→ Exercise instructions
Beginning at the line that contains "Door Lock .", reproduce the entries below exactly, ending with the line that contains "اضافه می شود". Omit each picture.

Dataset entries:

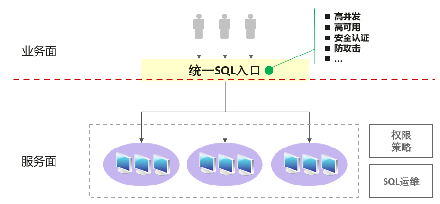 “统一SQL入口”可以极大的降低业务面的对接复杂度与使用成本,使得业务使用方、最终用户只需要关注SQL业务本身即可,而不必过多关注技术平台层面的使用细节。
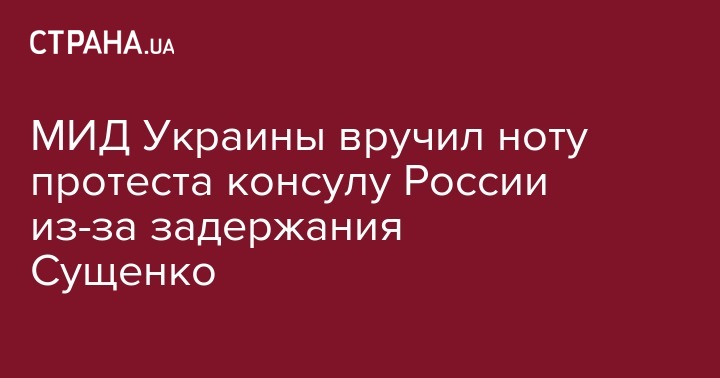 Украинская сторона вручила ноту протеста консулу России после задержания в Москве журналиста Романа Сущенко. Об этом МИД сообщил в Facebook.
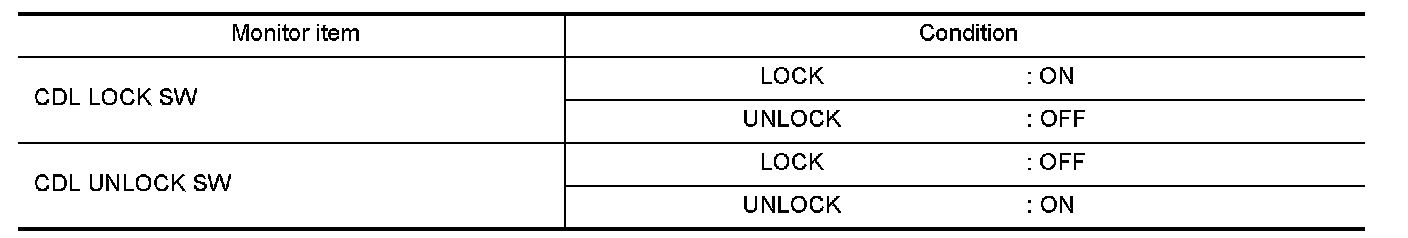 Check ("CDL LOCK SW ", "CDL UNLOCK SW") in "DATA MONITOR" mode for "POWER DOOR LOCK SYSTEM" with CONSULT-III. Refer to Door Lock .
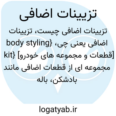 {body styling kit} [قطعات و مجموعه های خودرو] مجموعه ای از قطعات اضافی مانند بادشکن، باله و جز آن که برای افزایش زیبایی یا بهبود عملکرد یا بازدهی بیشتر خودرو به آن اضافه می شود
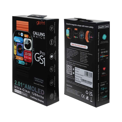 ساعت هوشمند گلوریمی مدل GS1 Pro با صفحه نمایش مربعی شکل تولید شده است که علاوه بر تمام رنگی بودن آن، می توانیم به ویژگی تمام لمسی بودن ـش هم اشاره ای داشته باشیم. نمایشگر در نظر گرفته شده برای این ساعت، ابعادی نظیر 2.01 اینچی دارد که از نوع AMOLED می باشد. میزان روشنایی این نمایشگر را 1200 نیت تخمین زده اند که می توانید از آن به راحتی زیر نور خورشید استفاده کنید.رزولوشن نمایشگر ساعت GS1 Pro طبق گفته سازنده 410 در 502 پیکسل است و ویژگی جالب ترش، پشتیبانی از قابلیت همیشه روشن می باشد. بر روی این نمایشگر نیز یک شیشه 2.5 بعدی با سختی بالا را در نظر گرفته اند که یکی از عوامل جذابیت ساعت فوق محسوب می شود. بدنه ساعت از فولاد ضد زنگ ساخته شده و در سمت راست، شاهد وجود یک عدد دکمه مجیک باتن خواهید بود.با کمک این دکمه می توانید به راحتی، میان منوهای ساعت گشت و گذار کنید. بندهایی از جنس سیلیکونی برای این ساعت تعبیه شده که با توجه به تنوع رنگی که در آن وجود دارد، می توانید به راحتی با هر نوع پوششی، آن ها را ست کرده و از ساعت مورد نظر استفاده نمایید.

→ Task output
 Check ("CDL LOCK SW ", "CDL UNLOCK SW") in "DATA MONITOR" mode for "POWER DOOR LOCK SYSTEM" with CONSULT-III. Refer to Door Lock .
 {body styling kit} [قطعات و مجموعه های خودرو] مجموعه ای از قطعات اضافی مانند بادشکن، باله و جز آن که برای افزایش زیبایی یا بهبود عملکرد یا بازدهی بیشتر خودرو به آن اضافه می شود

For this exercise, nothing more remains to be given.